These tools will no longer be maintained as of December 31, 2024. Archived website can be found here. PubMed4Hh GitHub repository can be found here. Contact NLM Customer Service if you have questions.
Pubmed for Handhelds
PUBMED FOR HANDHELDS
Search MEDLINE/PubMed
Title: Bradycardia-induced long QT syndrome caused by a de novo missense mutation in the S2-S3 inner loop of HERG. Author: Yoshida H, Horie M, Otani H, Kawashima T, Onishi Y, Sasayama S. Journal: Am J Med Genet; 2001 Feb 01; 98(4):348-52. PubMed ID: 11170080. Abstract: Long QT syndrome is a congenital disorder that presents with a defective cardiac ion channel and is either associated with prolonged action potential or, more commonly, known as an acquired form in which "torsades de pointes" type arrhythmias specifically occur after secondary causes. We report a case of a novel HERG mutation (A490T) that caused a bradycardia-associated form of long QT syndrome. A 27-year-old woman exhibited recurrent syncope due to torsades de pointes associated with a disturbance of the cardiac conduction system. By using polymerase chain reaction and single strand conformational polymorphism analyses, we identified a heterozygous single nucleotide substitution of HERG (G to A at nt 1468).
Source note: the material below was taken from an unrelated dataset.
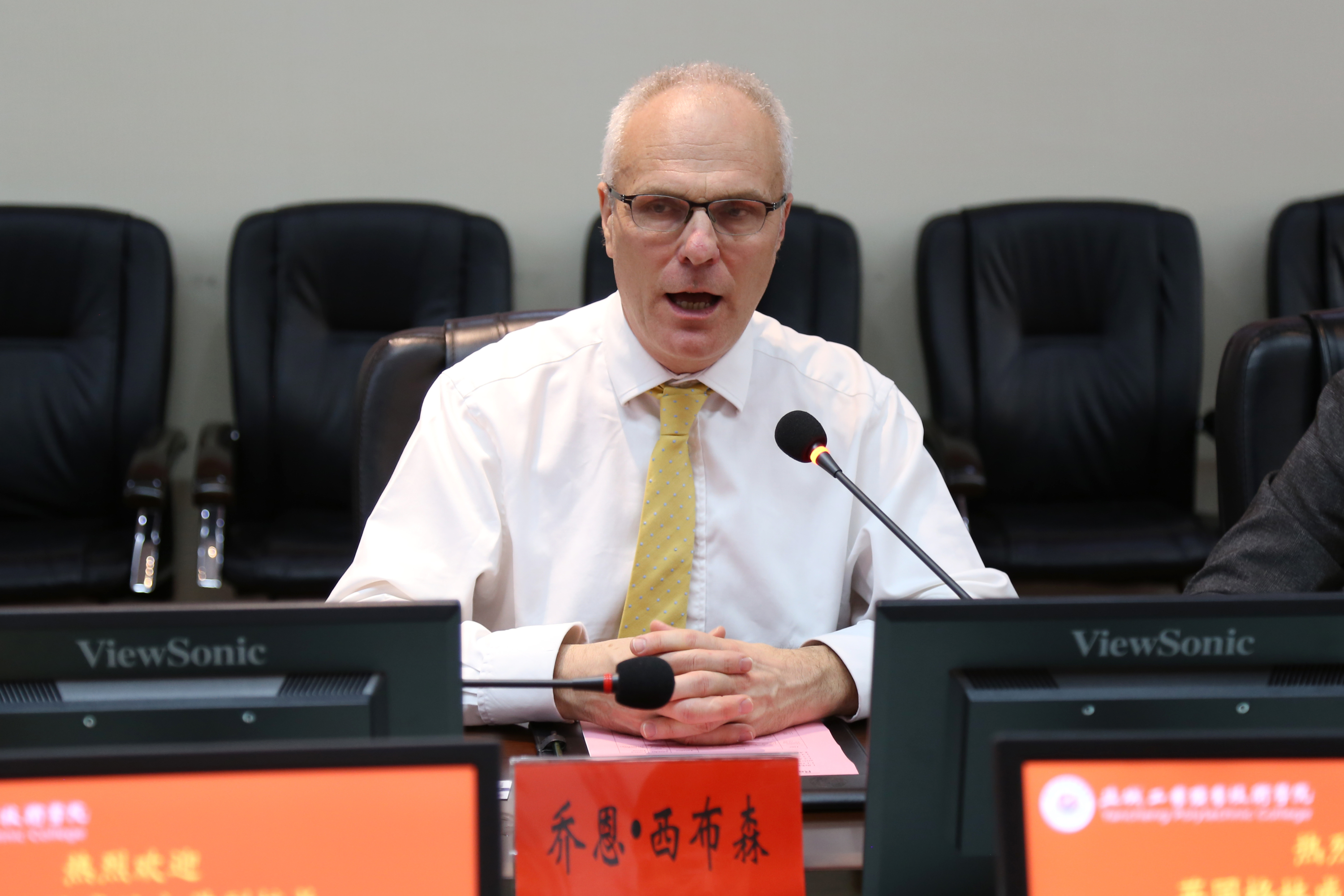 相关职能部门负责人就课程学分互认、师生学历提升、文化交流、合作办学等方面与乔恩•西布森进行了深入交流,并取得了共识。
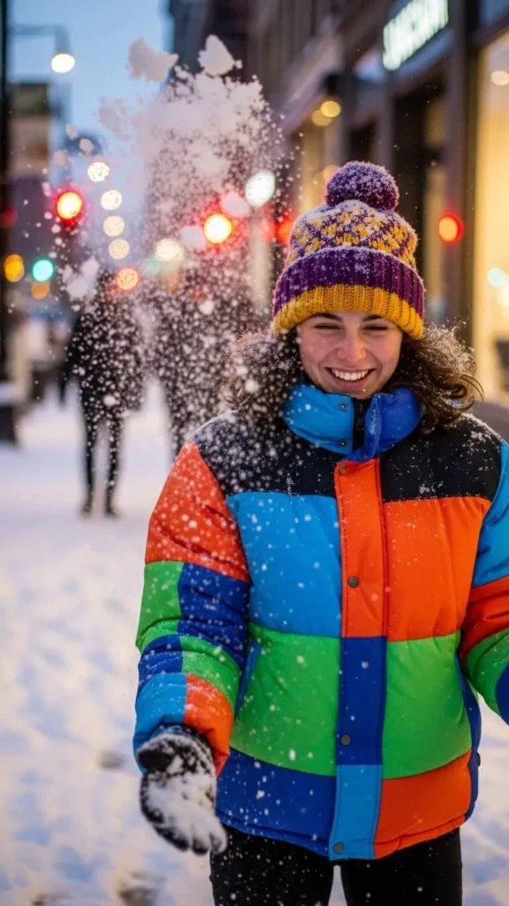 3. Colorful Puffer Jacket + Beanie + Waterproof Sneakers

This mutational change was not present in 140 Japanese control individuals. Electrophysiological assays for the A490T mutant HERG channel were conducted in the heterologous expression system with COS7 cells. The mutant channel was found to reconstitute functional channel currents, suggesting the homomeric mutant channel was functional. The mutation did not change the properties of the activation gate and inward rectification, however the current density of this mutant channel was small compared with that of wild type HERG. Taken together, this mutant may cause subtle changes in HERG channel functions (I(Kr)) in vivo. In this case, genetic background and unexpected bradycardia may have contributed to the development of long QT syndrome.[Abstract] [Full Text] [Related] [New Search]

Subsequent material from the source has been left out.